Aim of the exercise
Skipping the images, transcribe each record below as it is.

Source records
____________
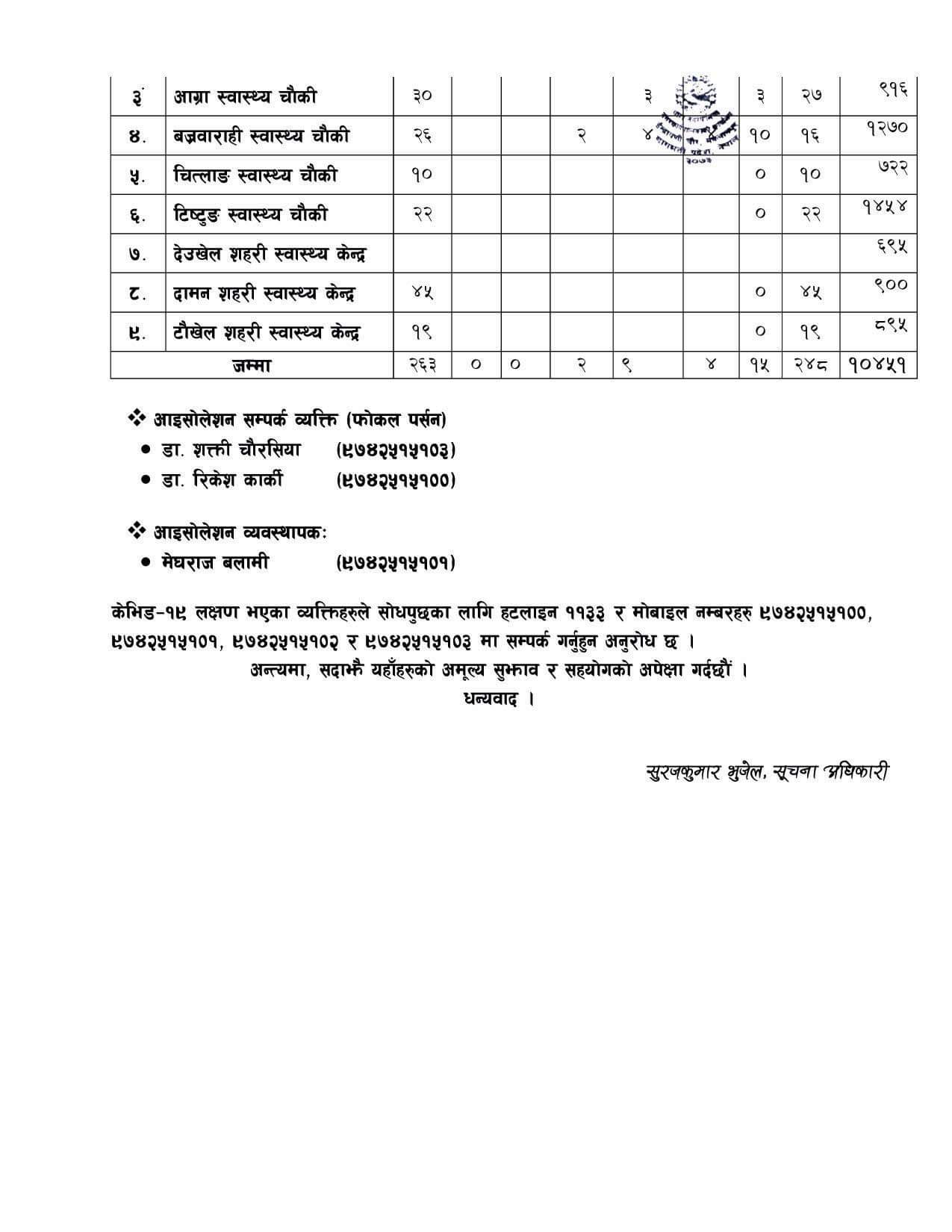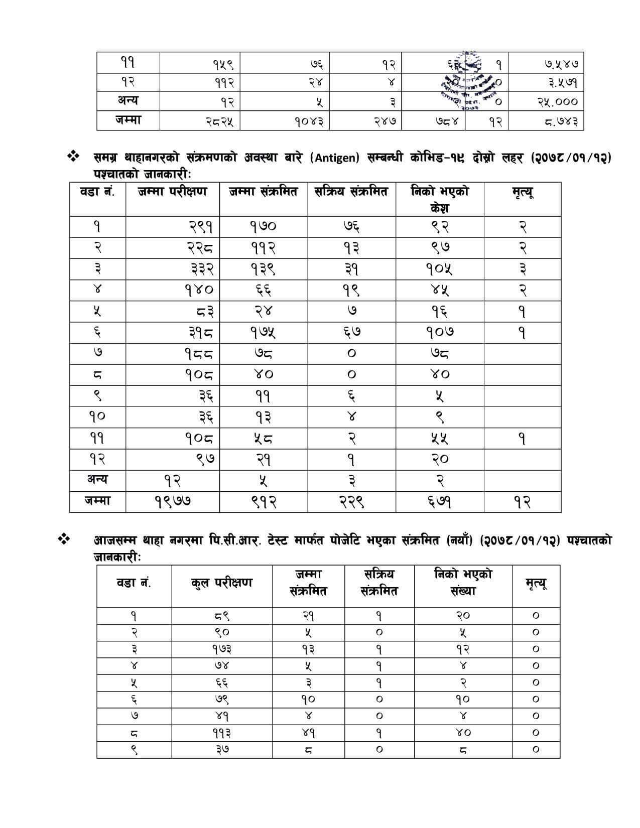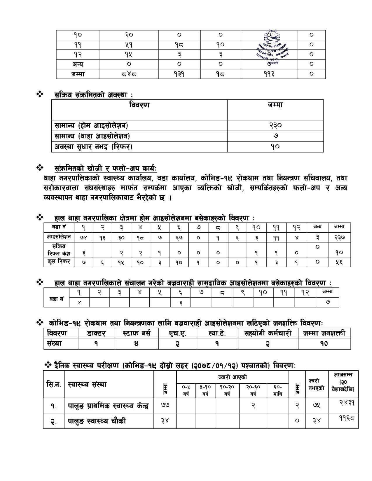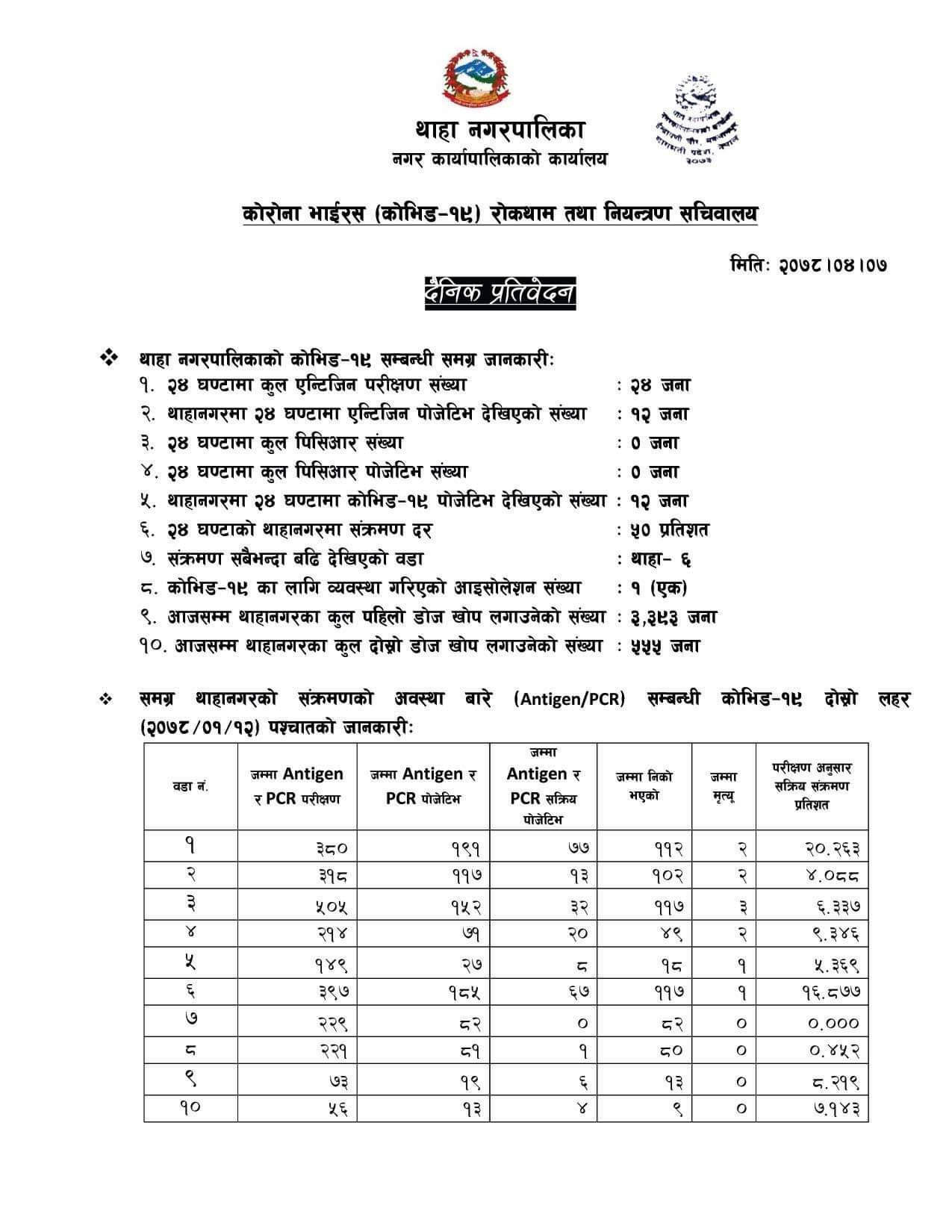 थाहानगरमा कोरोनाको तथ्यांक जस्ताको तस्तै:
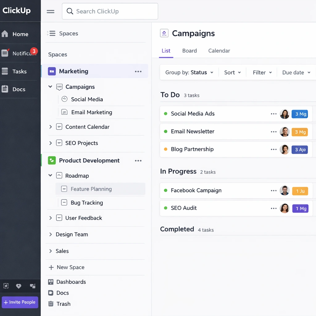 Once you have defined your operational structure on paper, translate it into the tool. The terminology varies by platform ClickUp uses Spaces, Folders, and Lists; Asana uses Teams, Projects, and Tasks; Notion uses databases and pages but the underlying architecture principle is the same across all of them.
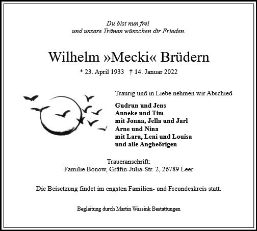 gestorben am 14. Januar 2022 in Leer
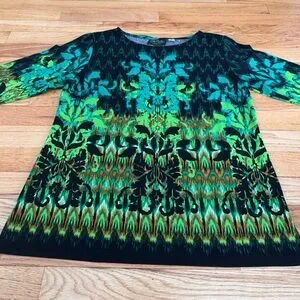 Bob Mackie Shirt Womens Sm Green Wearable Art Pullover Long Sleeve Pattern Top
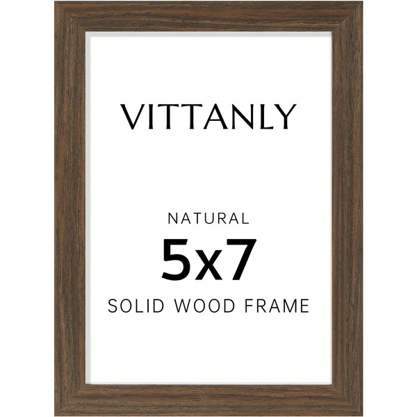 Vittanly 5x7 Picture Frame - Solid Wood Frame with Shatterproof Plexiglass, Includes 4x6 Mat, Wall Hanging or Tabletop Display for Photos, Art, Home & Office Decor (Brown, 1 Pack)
____________
Response to the exercise
 थाहानगरमा कोरोनाको तथ्यांक जस्ताको तस्तै:
 Once you have defined your operational structure on paper, translate it into the tool. The terminology varies by platform ClickUp uses Spaces, Folders, and Lists; Asana uses Teams, Projects, and Tasks; Notion uses databases and pages but the underlying architecture principle is the same across all of them.
 gestorben am 14. Januar 2022 in Leer
 Bob Mackie Shirt Womens Sm Green Wearable Art Pullover Long Sleeve Pattern Top
 Vittanly 5x7 Picture Frame - Solid Wood Frame with Shatterproof Plexiglass, Includes 4x6 Mat, Wall Hanging or Tabletop Display for Photos, Art, Home & Office Decor (Brown, 1 Pack)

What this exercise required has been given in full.